He spent little energy on fundraising, put few controls on his racist language and made little effort to hold town halls with constituents.
Then in November he was re-elected by just 10,000 votes in what he called “the nastiest, most dishonest political gauntlet that any Iowan has been put through”; two months later, he was stripped of his committee assignments and rebuked by the House for comments that seemed to endorse white supremacy. Now the nine-term Iowa Republican is under attack from both the left and the right.
Far from folding, though, King is returning to basics, reasserting an aggressive presence in his northwestern Iowa district, scheduling events in every county and holding as many as three town halls in a week, where constituents pack in, then linger to take photos and shake hands.
“This is a really important part of our civic activity,” King told constituents crowded into a room in a library here in Algona, a northern town of about 5,000. “We have always done so, we just haven’t always told you that.”
The winds have shifted, even Republicans concede.
“Things are different than they’ve been before,” said Craig Robinson, a former political director of the Republican Party of Iowa. “Steve King can only be so good for so long.

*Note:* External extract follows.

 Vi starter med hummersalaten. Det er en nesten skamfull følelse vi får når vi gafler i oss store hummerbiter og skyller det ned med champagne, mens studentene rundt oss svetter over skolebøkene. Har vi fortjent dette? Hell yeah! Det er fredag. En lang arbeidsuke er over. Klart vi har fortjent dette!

A lot of eyes were opened when they saw just how close he came to losing that seat in the last election cycle.”
Hoping to win over prominent conservatives tired of putting out King’s fires, three Republicans — widely considered the most serious challengers King has faced in years — have already pledged to run in the 2020 primary race, including an assistant majority leader of the Iowa state Senate, Randy Feenstra, who represents one of the most conservative swaths of the district.
The campaign arm of the House Democrats has also put a target on his back, and the state Democratic Party has deployed an organizer to set up a ground game for next year, the earliest Democrats have ever begun such efforts in a district that backed President Donald Trump by nearly 30 percentage points.
“We see him being held accountable. We really put a spotlight on something that was overlooked for a very long time,” said J.D. Scholten, the Democrat who lost to King in November. “You’re seeing his reaction to things where he hasn’t been held in check for years.”
Regardless of scrutiny, Steve King will be Steve King. Last week, he declined to answer a question at a town hall here asking whether a “white society is superior to a nonwhite society” because the query was “so hypothetical.” At another town hall last week, he complained that Hurricane Katrina victims, who were mostly black, asked for help for only themselves, not their neighbors, while “Iowans take care of each other.”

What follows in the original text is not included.